* _Task description_: The listing below should be reproduced exactly, with the pictures omitted.

* _Data shown_:

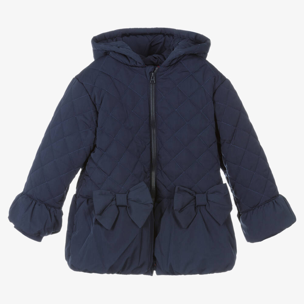 Navy blue padded coat for girls by Tutto Piccolo, made in smooth quilted polyester and lightly padded for added warmth. This beautiful coat is hooded and has two side pockets ideal for warming hands in for colder climates. It fastens with a tonal zip on the front and the lining is printed with the brand's logo in red. To create a feminine silhouette the hem and cuffs are puffed and there are two bow details on the front.
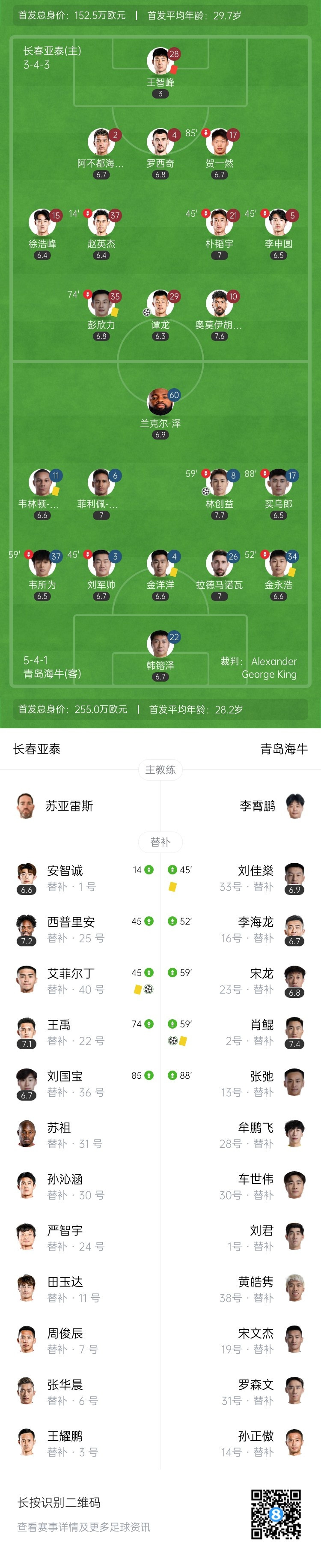 直播吧9月27日讯中超第26轮,长春亚泰坐镇主场作战 长春体育中心迎战青岛海牛。上半场,亚泰守门员王智峰第八分钟放倒单刀赴会的兰克尔-泽吃到直红意甲直播,林创益任意球得分,席尔瓦失单刀赴会。易边再战,肖鲲中超处子球再下一城,谭龙补时扳回一球,艾菲尔丁补时绝平。最终长春亚泰2-2青岛海牛。
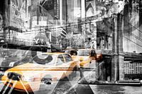 Times Square is wereldberoemd en vormt het centrum van de Broadway theaterwijk van New York City. Een moderne en decoratieve compositie van een stedelijk straatbeeld uit Manhattan en de Brooklyn Bridge en omgeving.

* _Result for this exercise_:
 Navy blue padded coat for girls by Tutto Piccolo, made in smooth quilted polyester and lightly padded for added warmth. This beautiful coat is hooded and has two side pockets ideal for warming hands in for colder climates. It fastens with a tonal zip on the front and the lining is printed with the brand's logo in red. To create a feminine silhouette the hem and cuffs are puffed and there are two bow details on the front.
 直播吧9月27日讯中超第26轮,长春亚泰坐镇主场作战 长春体育中心迎战青岛海牛。上半场,亚泰守门员王智峰第八分钟放倒单刀赴会的兰克尔-泽吃到直红意甲直播,林创益任意球得分,席尔瓦失单刀赴会。易边再战,肖鲲中超处子球再下一城,谭龙补时扳回一球,艾菲尔丁补时绝平。最终长春亚泰2-2青岛海牛。
 Times Square is wereldberoemd en vormt het centrum van de Broadway theaterwijk van New York City. Een moderne en decoratieve compositie van een stedelijk straatbeeld uit Manhattan en de Brooklyn Bridge en omgeving.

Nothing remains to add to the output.